PENGAMATAN VOKAL
R. A. Gabriella Raditha Hidayat
9D/27
Pengamatan terhadap Video 2 penyanyi solo Indonesia
1. Kriteria Pengamatan : Sikap Bernyayi
Penyanyi solo 1 : Tegang, tidak siap, memulai bernyanyi secara ragu ragu
Penyanyi solo 2 : Tenang, menyiapkan persiapan untuk menyanyi secara matang
2. Kriteria Pengamatan : Cara Mengolah nafas pada saat bernyanyi
Penyanyi solo 1 : Menggunakan suara leher, sehingga suara terkesan tidak plong
Penyanyi solo 2 : Menggunakan pernapasan perut/diagframa, sehingga suara bisa keluar dan tidak tertahan dan pernapasan teratur
3. Kriteria Pengamatan : Gerak Mulut pada saat bernyanyi
Penyanyi solo 1 : Mulut tidak terbuka secara penuh, pengucapan AIUEO (huruf vokalnya) tidak jelas
Penyanyi solo 2 : Mulut terbuka secara penuh, pengucapan AIUEO (huruf vokalnya) jelas
4. Kriteria Pengamatan : Pengkalimatan dalam menempatkan nafas pada saat bernyanyi
Penyanyi solo 1 : Phasering tidak terlalu baik, sehingga ketika kalimat lagu belum selesai, nafas sudah habis duluan
Penyanyi solo 2 : Phasering bagus, tahu kapan harus mengambil nafas dan tahu cara agar nafas tidak cepat habis
5. Kriteria Pengamatan : Cara pengucapan kata per kata
Penyanyi solo 1 : Tiap kata diucapkan dengan pemenggalan yang kurang sempurna, pengucapan agak kurang jelas seperti kumur-kumur
Penyanyi solo 2 : Pengucapan kata pernah kata jelas
6. Kriteria Pengamatan : Mimik wajah pada saat bernyanyi
Penyanyi solo 1 : Mimik wajah tidak sesuai dengan lagu yang dinyanyikan, dan mimik wajah tidak fokus mendalami lagu, sehingga lagu terkesan kehilangan maknanya (kurang penghayatan)

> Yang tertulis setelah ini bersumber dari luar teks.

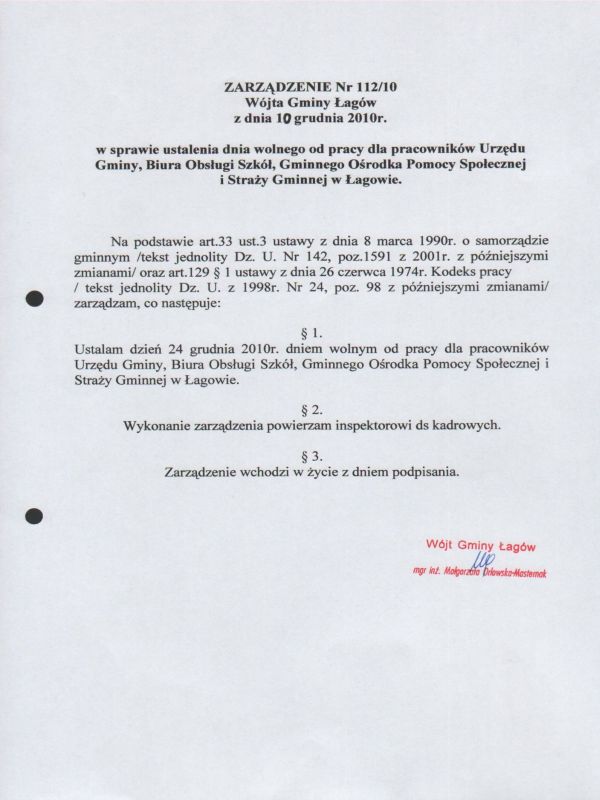 | Zarządzenie Nr 112/10 Wójta Gminy Łagów z dnia 10 grudnia 2010 r. w sprawie ustalenia dnia wolnego od pracy dla pracowników Urzędu Gminy, Biura obsługi Szkół, Gminnego Ośrodka Pomocy Społecznej i Straży Gminnej w Łagowie | 2011-01-04 |

Penyanyi solo 2 : Mimik wajah mendalami lagu yang dinyanyikan
7. Kriteria Pengamatan : Gerakan tubuh pada saat bernyanyi
Penyanyi solo 1 : Tidak tahu mau melakukan gerakan apa, terkesan kaku
Penyanyi solo 2 : Bergerak secara alami, luwes
8. Kriteria Pengamatan : Kostum dan penampilan
Penyanyi solo 1 : Kostum alakadarnya, kostum baik tetapi kurang rasa percaya diri
Penyanyi solo 2 : Kostum formal, baik dan sangat percaya diri
Kesimpulan:
Penyanyi solo pertama, penampilannya kurang baik dikarenakan kurangnya rasa percaya diri dan persiapan yang kurang matang; sedangkan penyanyi solo ke-dua penampilannya sangat baik dikarenakan adanya rasa percaya diri yang tinggi dan memiliki persiapan yang matang.